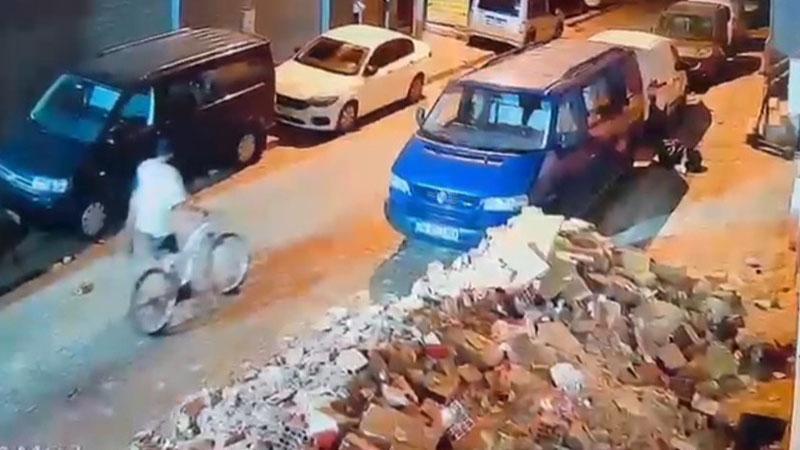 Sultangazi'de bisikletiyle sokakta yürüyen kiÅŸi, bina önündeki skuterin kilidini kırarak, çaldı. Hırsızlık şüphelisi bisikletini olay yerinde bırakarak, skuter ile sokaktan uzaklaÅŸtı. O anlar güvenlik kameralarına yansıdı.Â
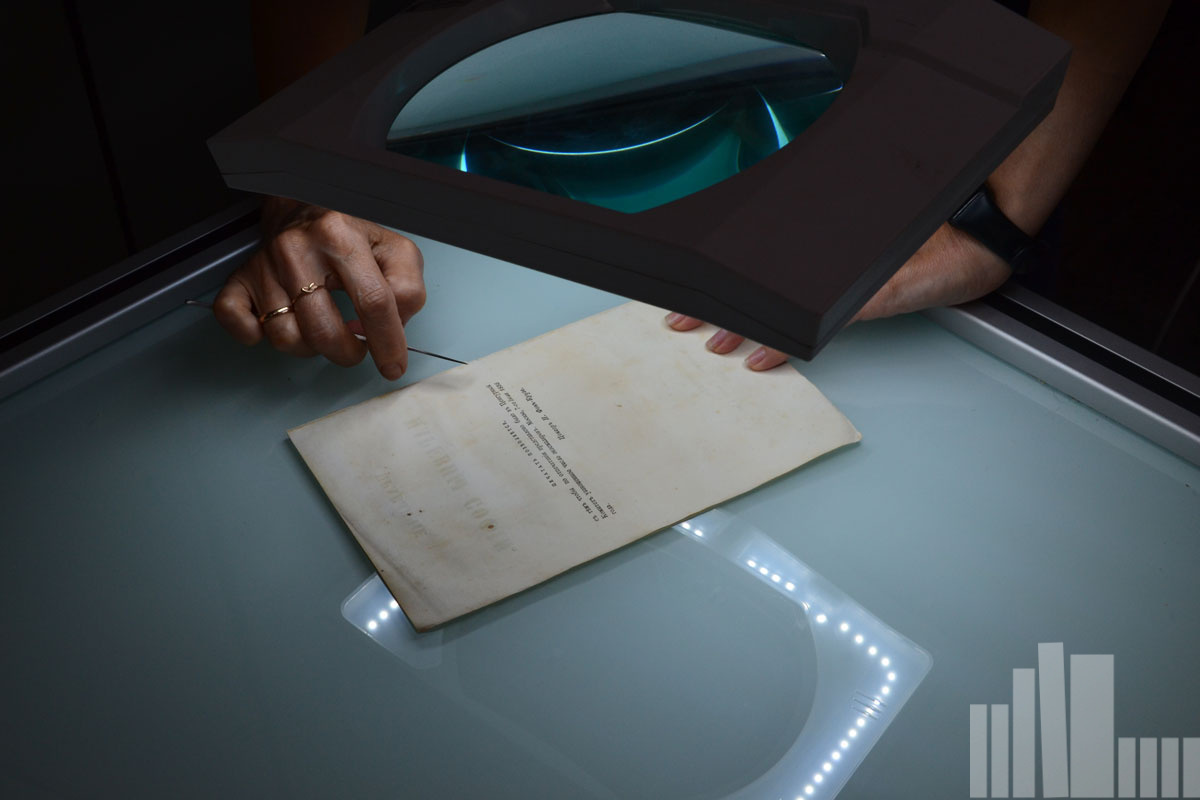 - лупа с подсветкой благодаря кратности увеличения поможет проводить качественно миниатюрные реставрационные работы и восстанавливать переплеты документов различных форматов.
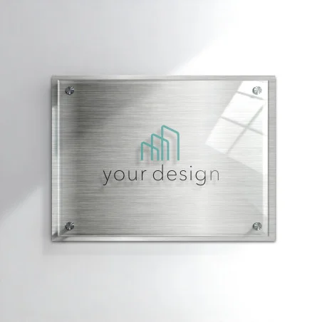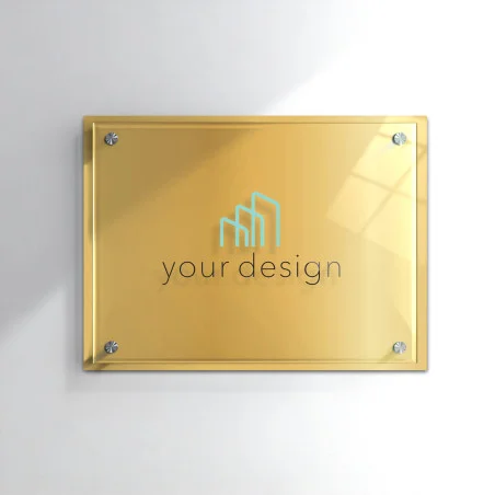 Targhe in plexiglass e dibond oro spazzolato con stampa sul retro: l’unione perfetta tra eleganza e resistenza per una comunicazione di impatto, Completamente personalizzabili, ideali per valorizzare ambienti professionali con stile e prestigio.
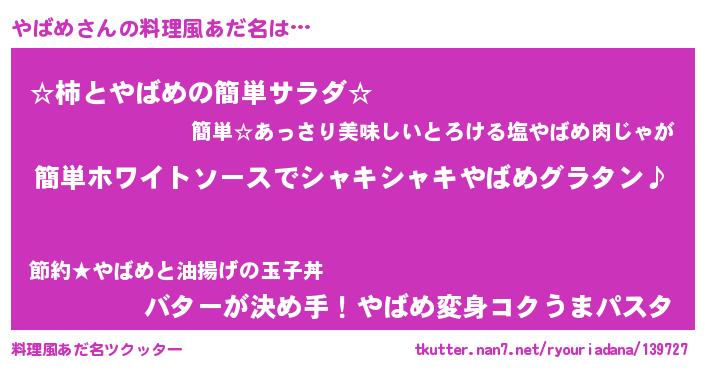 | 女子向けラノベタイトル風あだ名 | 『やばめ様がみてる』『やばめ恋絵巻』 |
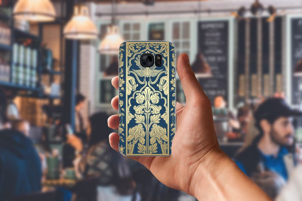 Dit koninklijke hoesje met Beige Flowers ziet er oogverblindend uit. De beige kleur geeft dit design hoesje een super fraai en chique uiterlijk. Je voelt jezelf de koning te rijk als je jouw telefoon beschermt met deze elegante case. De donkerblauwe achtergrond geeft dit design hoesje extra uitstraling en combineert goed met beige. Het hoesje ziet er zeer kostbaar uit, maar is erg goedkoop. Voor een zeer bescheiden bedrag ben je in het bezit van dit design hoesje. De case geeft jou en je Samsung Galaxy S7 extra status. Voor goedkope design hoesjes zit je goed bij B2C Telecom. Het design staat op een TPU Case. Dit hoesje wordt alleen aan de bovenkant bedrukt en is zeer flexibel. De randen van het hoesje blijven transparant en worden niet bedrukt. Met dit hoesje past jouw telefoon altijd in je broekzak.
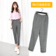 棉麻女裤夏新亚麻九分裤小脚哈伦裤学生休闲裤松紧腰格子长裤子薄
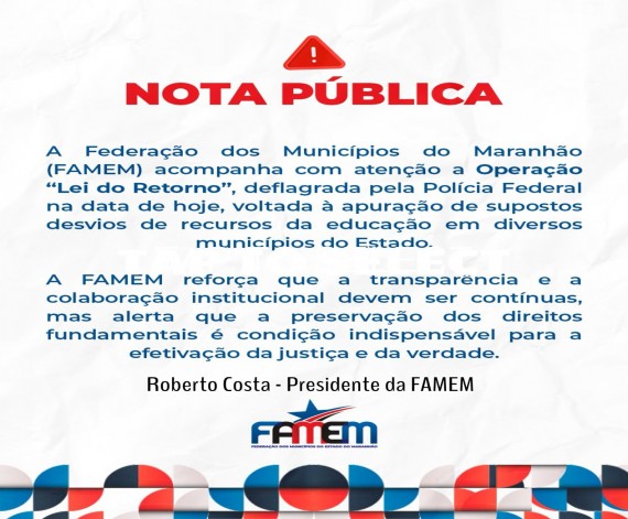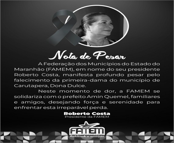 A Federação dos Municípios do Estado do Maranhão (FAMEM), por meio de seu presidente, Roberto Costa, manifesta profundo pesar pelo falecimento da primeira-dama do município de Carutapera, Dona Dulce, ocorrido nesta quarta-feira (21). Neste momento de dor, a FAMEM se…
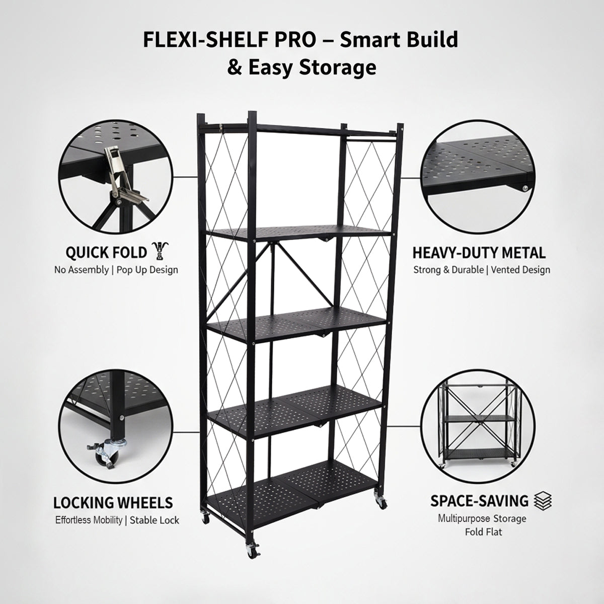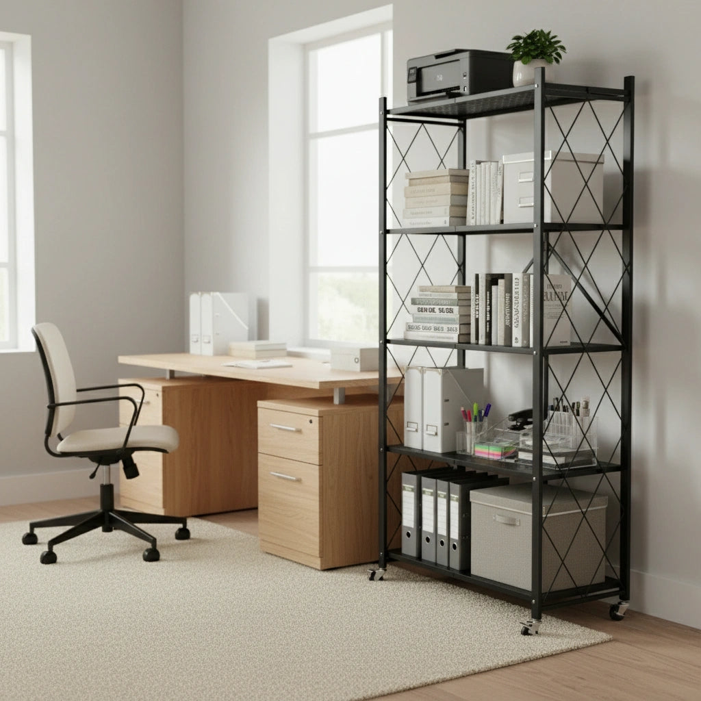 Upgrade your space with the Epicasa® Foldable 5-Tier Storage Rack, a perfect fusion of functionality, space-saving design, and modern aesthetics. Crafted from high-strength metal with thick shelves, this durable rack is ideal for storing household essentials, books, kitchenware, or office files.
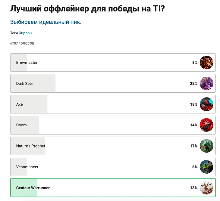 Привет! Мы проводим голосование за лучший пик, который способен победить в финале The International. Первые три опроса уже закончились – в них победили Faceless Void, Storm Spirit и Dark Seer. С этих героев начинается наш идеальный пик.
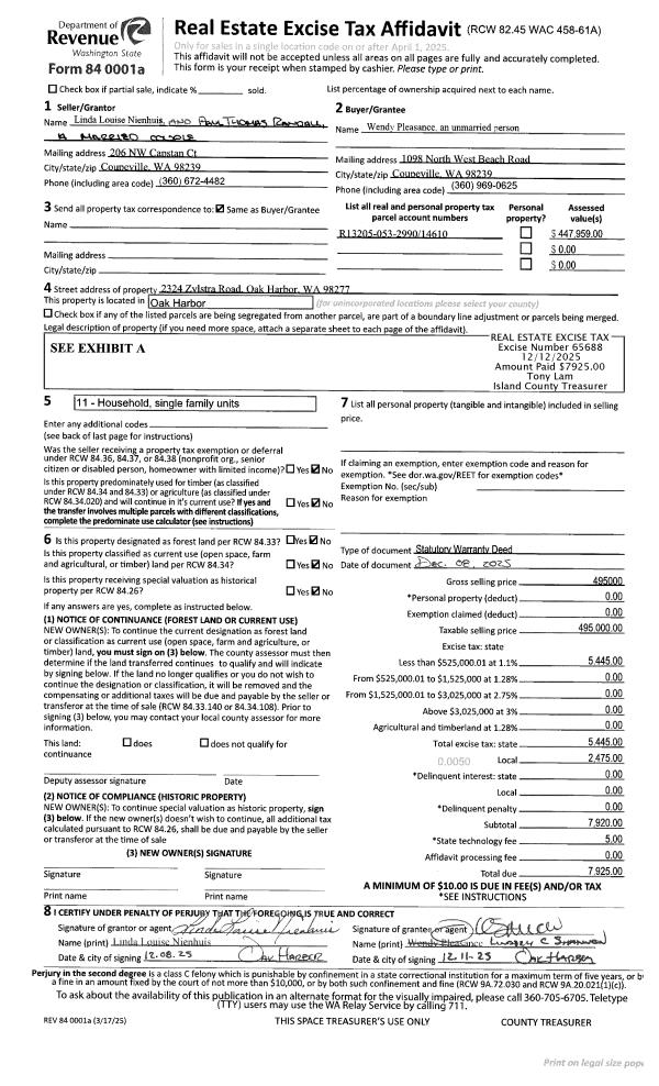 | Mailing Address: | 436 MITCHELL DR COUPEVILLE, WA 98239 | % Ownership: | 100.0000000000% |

To do: Within these entries, output exactly the lines starting at the one with "- лупа с подсветкой" and finishing at the one with "A Federação dos". Leave pictures out of the output.

Response to the task:
 - лупа с подсветкой благодаря кратности увеличения поможет проводить качественно миниатюрные реставрационные работы и восстанавливать переплеты документов различных форматов.
 Targhe in plexiglass e dibond oro spazzolato con stampa sul retro: l’unione perfetta tra eleganza e resistenza per una comunicazione di impatto, Completamente personalizzabili, ideali per valorizzare ambienti professionali con stile e prestigio.
 | 女子向けラノベタイトル風あだ名 | 『やばめ様がみてる』『やばめ恋絵巻』 |
 Dit koninklijke hoesje met Beige Flowers ziet er oogverblindend uit. De beige kleur geeft dit design hoesje een super fraai en chique uiterlijk. Je voelt jezelf de koning te rijk als je jouw telefoon beschermt met deze elegante case. De donkerblauwe achtergrond geeft dit design hoesje extra uitstraling en combineert goed met beige. Het hoesje ziet er zeer kostbaar uit, maar is erg goedkoop. Voor een zeer bescheiden bedrag ben je in het bezit van dit design hoesje. De case geeft jou en je Samsung Galaxy S7 extra status. Voor goedkope design hoesjes zit je goed bij B2C Telecom. Het design staat op een TPU Case. Dit hoesje wordt alleen aan de bovenkant bedrukt en is zeer flexibel. De randen van het hoesje blijven transparant en worden niet bedrukt. Met dit hoesje past jouw telefoon altijd in je broekzak.
 棉麻女裤夏新亚麻九分裤小脚哈伦裤学生休闲裤松紧腰格子长裤子薄
 A Federação dos Municípios do Estado do Maranhão (FAMEM), por meio de seu presidente, Roberto Costa, manifesta profundo pesar pelo falecimento da primeira-dama do município de Carutapera, Dona Dulce, ocorrido nesta quarta-feira (21). Neste momento de dor, a FAMEM se…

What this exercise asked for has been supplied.